Contributes to the resurgent interest in studies of the labor share (the ratio of total wage and salary compensation to GDP).  Other research on this topic has mostly focused on international comparative studies or industry-level analysis.  I look only at the U.S. but over an exceptionally long period of time.  Examining such a long historical record reveals that while cyclical variation in the wage share is determined by workers’ collective bargaining power, the wage share also displays long-term regularity in the sense that the ups and downs produced by power dynamics tend to circle around a fairly constant long-term center of gravity.  I develop a theory to explain both the cyclical power dynamics and the long-term average.  The theory and the data suggest that when workers bargaining power increases it can’t alter the long-term center of gravity, but it can reduce the size (amplitude) of the cycles.  Workers’ power therefore stabilizes the wage share and contributes to macroeconomic stability.

Antagonistic Cooperation: Class conflict and compromise in democratic capitalism

This paper builds on Wright’s theory of class compromise in the context of democratic capitalist countries as described by Przeworksi.  It contributes to the theory of class compromise, arguing that it is a foundational institution of capitalist democracies that enables these countries to stay within a distribution of income that prevents certain types of crises.  However, a perpetual tug-of-war in the form of latent class conflict remains a feature of all market economies and this latent conflict can be both functional (in which case it reinforces the class compromise) or dysfunctional (in which case it threatens societies by provoking inadvertent economic crises).

Wikipedia, Citizendium, Knol: The challenges of self-governance and legitimacy in peer-to-peer knowledge production

My personal interest in open-source software led me to write an institutional analysis of Wikipedia for Erik Wright’s Real Utopias graduate seminar.  Following comparison to some open source software foundations, I argue that, to function in large scale, it appears that Wikipedia may require a hybrid of both physically-centered and web-based dispersed governance structures.  While this version was prepared for journal submission, portions of the original paper were incorporated into Chapter 7 of Erik Wrights’ Envisioning Real Utopias.
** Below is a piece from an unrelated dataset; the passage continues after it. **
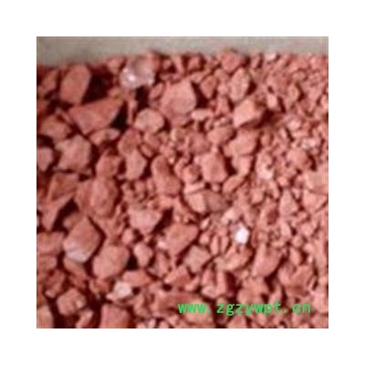 性状颜色:不规则的红色大小颗粒。触之有红棕色粉末沾手。大小颗粒粉

Positional power: a theory and empirics of workers’ collective bargaining power

Updates Luca Perrone’s unfinished theory of “positional power” using recent developments in the techniques of input-output analysis to show how industrial interdependencies influence inter-industry differentials in workers’ bargaining power.  The measure of bargaining power embodied in positional power is then used to empirically analyze industry-level wages and strike propensities.

Projects in early phases of development

Class structure and income distribution in the U.S.

Attempts to measure the share of national income flowing to classes as a contribution to studies of the growth of inequality in the neoliberal era.  While first conceived as building upon the neo-Marxian class analysis project, it has evolved into a theoretical synthesis of Marxian and Weberian ideas.

The social basis of financialization

Studies of financialization have thus far not focused on U.S. households very much.  However, at least one recent study has shown that financialization has exacerbated inequality.  This paper argues that growing inequality among households actually contributed to the rise of finance.  There appears to be a self-perpetuating dynamic in which inequality and financialization feed each other.